Two-week-old C57BL/6 wild-type (WT), B6.TLR2−/−, B6.TLR4−/−, B6.TLR2−/−4−/−, and microbially reduced (antibiotic-treated) mice (MR) underwent 60 minutes of superior mesenteric artery occlusion (I) followed by 90 minutes of reperfusion (R). Small intestine was harvested for analysis of microscopic injury, apoptosis, and inflammatory gene expression using quantitative polymerase chain reaction.

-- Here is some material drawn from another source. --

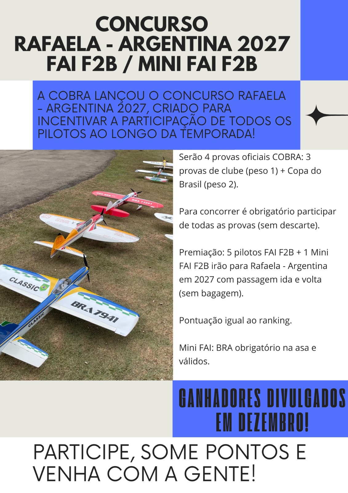 Divulgação Concurso Rafaela Argentina 2027 (FAI F2B e Mini FAI F2B)

After I/R, the median histologic injury scores of the B6.TLR4−/−, B6.TLR2−/−4−/−, and MR pups were higher than the WT or B6.TLR2−/− pups that corresponded with greater apoptosis based on terminal deoxynucleotidyl transferase-mediated dUTP-FITC nick-end labeling and activated caspase-3 immunostaining. B6.TLR4−/−, B6.TLR2−/−4−/−, and MR also had elevated tissue innate immunity-associated chemokine and cytokine expression.
Neonatal mice deficient in TLR4, either alone or also deficient in TLR2, as well as those lacking a normal commensal intestinal microbiome are more susceptible to an I/R model of intestinal injury. These results may provide a mechanism for commensal bacterial-mediated protection, which may help to direct further studies to elucidate the mechanism of probiotic protection.